▶ _Task description_:
Using the listing below, set down each line from the line containing "ヒーロー風カッコイイあだ名 | 『究極戦士ミナミデ』『仮面ミナダー』 |" through the line containing "지난 9월 3일 이승표", both ends included, exactly and with nothing added.

▶ _Data extract_:
● ● ●

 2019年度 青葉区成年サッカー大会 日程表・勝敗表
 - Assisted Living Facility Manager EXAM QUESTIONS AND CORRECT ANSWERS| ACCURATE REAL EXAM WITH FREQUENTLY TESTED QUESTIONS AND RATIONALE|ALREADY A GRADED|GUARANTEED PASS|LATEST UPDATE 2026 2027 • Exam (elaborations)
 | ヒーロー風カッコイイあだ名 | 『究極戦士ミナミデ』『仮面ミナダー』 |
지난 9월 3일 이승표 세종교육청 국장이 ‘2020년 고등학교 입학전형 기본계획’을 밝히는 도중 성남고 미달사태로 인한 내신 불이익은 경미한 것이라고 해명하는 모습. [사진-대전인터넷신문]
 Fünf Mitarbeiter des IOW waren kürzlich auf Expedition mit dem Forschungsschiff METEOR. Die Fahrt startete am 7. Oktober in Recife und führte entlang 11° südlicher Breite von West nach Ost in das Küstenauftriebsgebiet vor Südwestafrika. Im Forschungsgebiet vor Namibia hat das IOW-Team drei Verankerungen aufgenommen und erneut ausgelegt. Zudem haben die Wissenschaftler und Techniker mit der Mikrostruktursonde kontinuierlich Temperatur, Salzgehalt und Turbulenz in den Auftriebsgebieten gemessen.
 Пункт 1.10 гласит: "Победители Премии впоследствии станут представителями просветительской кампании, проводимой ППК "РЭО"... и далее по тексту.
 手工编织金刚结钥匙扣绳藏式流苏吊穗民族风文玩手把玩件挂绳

● ● ●

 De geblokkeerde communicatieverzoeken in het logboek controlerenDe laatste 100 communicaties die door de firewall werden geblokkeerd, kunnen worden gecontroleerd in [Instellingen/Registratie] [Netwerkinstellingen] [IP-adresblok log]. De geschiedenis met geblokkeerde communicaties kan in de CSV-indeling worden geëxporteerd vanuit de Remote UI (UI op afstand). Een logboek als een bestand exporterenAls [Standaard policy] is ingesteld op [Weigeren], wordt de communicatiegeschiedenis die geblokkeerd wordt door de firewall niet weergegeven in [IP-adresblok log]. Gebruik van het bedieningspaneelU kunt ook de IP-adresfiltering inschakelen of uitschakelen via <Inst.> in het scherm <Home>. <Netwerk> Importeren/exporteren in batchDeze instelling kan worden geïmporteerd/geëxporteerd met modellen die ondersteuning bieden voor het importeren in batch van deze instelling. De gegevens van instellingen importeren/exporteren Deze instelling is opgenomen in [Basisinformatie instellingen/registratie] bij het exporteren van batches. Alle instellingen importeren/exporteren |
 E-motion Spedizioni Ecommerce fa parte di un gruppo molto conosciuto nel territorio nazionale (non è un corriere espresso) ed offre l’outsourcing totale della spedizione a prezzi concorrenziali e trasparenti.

● ● ●

▶ _Completed task_:
 | ヒーロー風カッコイイあだ名 | 『究極戦士ミナミデ』『仮面ミナダー』 |
지난 9월 3일 이승표 세종교육청 국장이 ‘2020년 고등학교 입학전형 기본계획’을 밝히는 도중 성남고 미달사태로 인한 내신 불이익은 경미한 것이라고 해명하는 모습. [사진-대전인터넷신문]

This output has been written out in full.